120 A bare right to sue in equity is similarly incapable of assignment: Glegg v Bromley [1912] 3 KB 474 especially per Parker J at 489-490, Prosser v Edmonds (1835) 160 ER 196, referred to in Meagher et al, op cit, at p 282.
121 Further, even if Trendtex was accepted as good law in Australia in relation to the assignment of tortious and equitable claims, Crocodile had no genuine commercial interest in taking the assignment. It is clear from the cases that a mere personal interest in profiting is not enough. Cohen J in Monk v Australia and New Zealand Banking Group Ltd (1994) 34 NSWLR 148 at 153 said:
In my opinion [the interest claimed by the plaintiff] is not a genuine commercial interest in the way that the phrase has been used in the judgments. Examples may be given from the facts in the various cases concerned. For instance it was held that there was such an interest where the assignee was already a substantial creditor of the assignor with a right to enforce the debt (Trendtex, Re Timothy's) or where the assignee was the sole shareholder who was a guarantor of the overdraft of the assignor (Re Daley) or where the assignee was a debenture holder with an interest in protecting the value of its security (First City Corporation).

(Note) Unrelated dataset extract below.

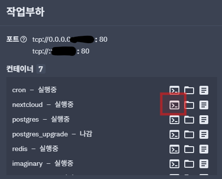 사진과 같이 nextcloud - 실행중 이라는 항목을 찾아주시구요, 우측의 첫번째 아이콘에 마우스를 올려보면 셸 이라고 나올거예요.

122 To similar effect, in National Mutual Property Services (Australia) Pty Ltd v Citibank Savings Limited (1995) 132 ALR 514 at 540 Lindgren J said that the interest must exist independently of the assignment:
… the genuine commercial interest referred to in Trendtex is not a nebulous notion of the general commercial advantage of the assignee but something more specific and limited. In particular, it does not embrace an interest arising from an arrangement voluntarily entered into by the assignee of which the impugned assignment is an essential part, like the arrangement in the present case. Rather, the expression refers to a commercial interest which exists already or by reason of other matters, and which receives ancillary support from the assignment.
123 For the reasons discussed above, there was no loan between Crocodile and Arkaroola and the charge over Arkaroola's assets granted in favour of Crocodile was not created until 20 February 2003, well after the first assignment was supposedly entered into in. Crocodile, therefore, had no genuine commercial interest prior to the Deed of Assignment.
124 In the result, the first assignment, even if genuine, was not legally effective to assign the relevant causes of action from Arkaroola to Crocodile. It follows that the second assignment from Crocodile to Mr Salinger is of no effect.